_Data section_:
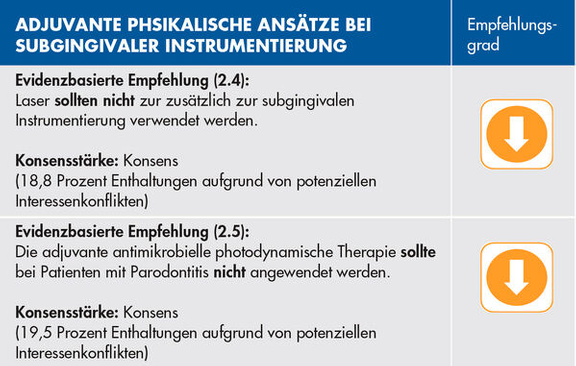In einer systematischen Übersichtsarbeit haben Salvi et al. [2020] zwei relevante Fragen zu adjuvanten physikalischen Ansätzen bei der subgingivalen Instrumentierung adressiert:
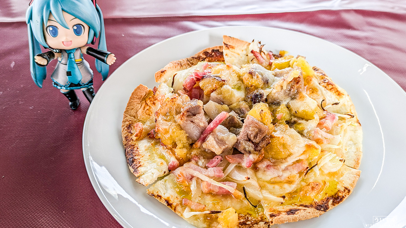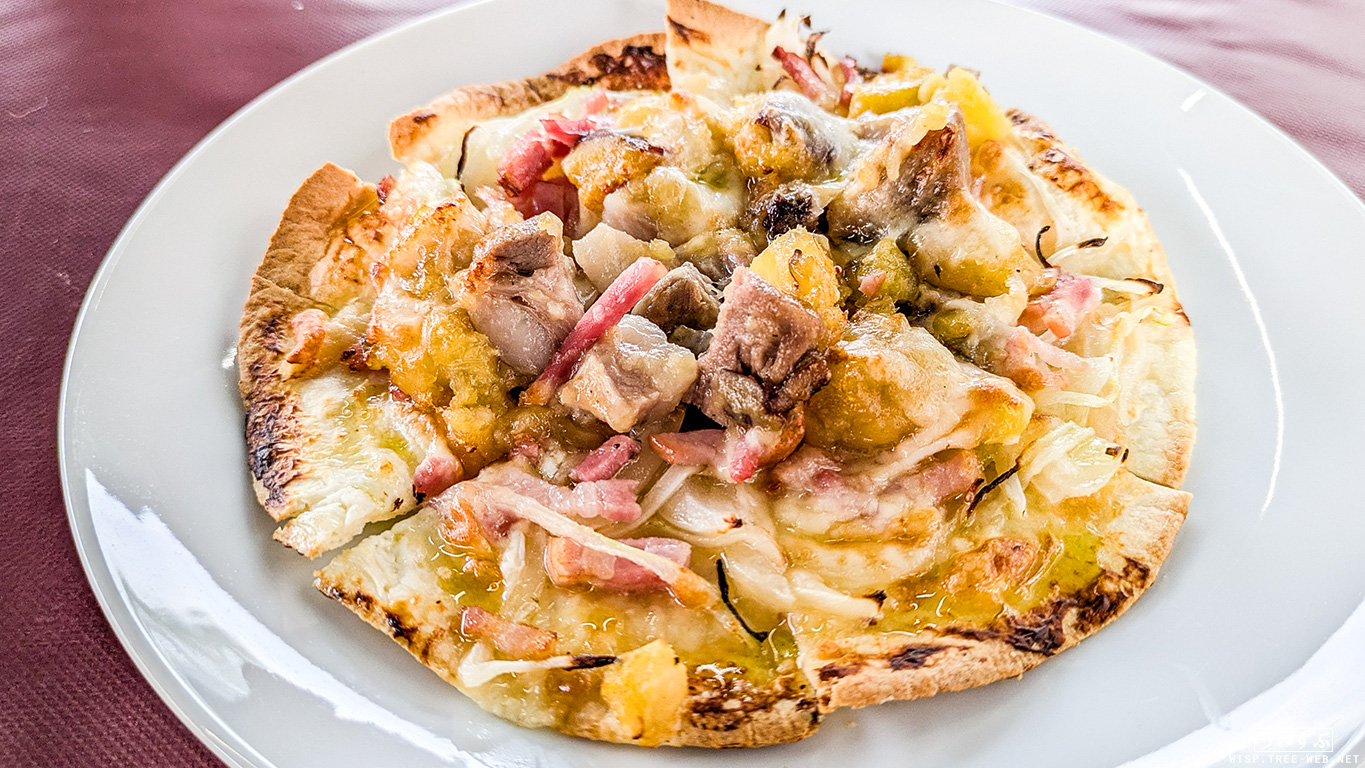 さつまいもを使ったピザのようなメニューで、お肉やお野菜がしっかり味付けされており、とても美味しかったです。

--

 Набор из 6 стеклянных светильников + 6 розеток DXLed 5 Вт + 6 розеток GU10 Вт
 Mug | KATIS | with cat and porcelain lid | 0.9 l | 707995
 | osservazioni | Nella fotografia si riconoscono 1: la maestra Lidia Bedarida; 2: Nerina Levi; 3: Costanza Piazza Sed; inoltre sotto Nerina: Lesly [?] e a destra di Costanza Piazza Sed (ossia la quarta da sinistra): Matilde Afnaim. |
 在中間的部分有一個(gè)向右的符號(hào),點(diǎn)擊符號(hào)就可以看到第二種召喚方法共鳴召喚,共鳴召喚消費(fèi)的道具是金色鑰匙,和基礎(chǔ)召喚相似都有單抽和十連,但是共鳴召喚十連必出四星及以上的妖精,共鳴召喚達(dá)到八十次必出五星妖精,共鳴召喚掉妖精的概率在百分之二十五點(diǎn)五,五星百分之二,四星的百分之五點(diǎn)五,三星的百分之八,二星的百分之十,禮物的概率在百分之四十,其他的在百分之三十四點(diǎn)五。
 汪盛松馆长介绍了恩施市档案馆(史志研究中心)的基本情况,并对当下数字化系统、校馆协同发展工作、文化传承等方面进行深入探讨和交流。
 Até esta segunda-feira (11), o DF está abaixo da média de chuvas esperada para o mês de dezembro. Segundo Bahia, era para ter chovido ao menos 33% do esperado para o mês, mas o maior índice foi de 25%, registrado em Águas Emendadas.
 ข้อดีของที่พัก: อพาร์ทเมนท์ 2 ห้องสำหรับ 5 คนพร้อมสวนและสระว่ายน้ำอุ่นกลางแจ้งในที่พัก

_The task_:
The reply should hold exactly the lines above, starting at the line with "In einer systematischen" and ending at the line with "さつまいもを使ったピザのよう", and no pictures.

_Answer_:
In einer systematischen Übersichtsarbeit haben Salvi et al. [2020] zwei relevante Fragen zu adjuvanten physikalischen Ansätzen bei der subgingivalen Instrumentierung adressiert:
 さつまいもを使ったピザのようなメニューで、お肉やお野菜がしっかり味付けされており、とても美味しかったです。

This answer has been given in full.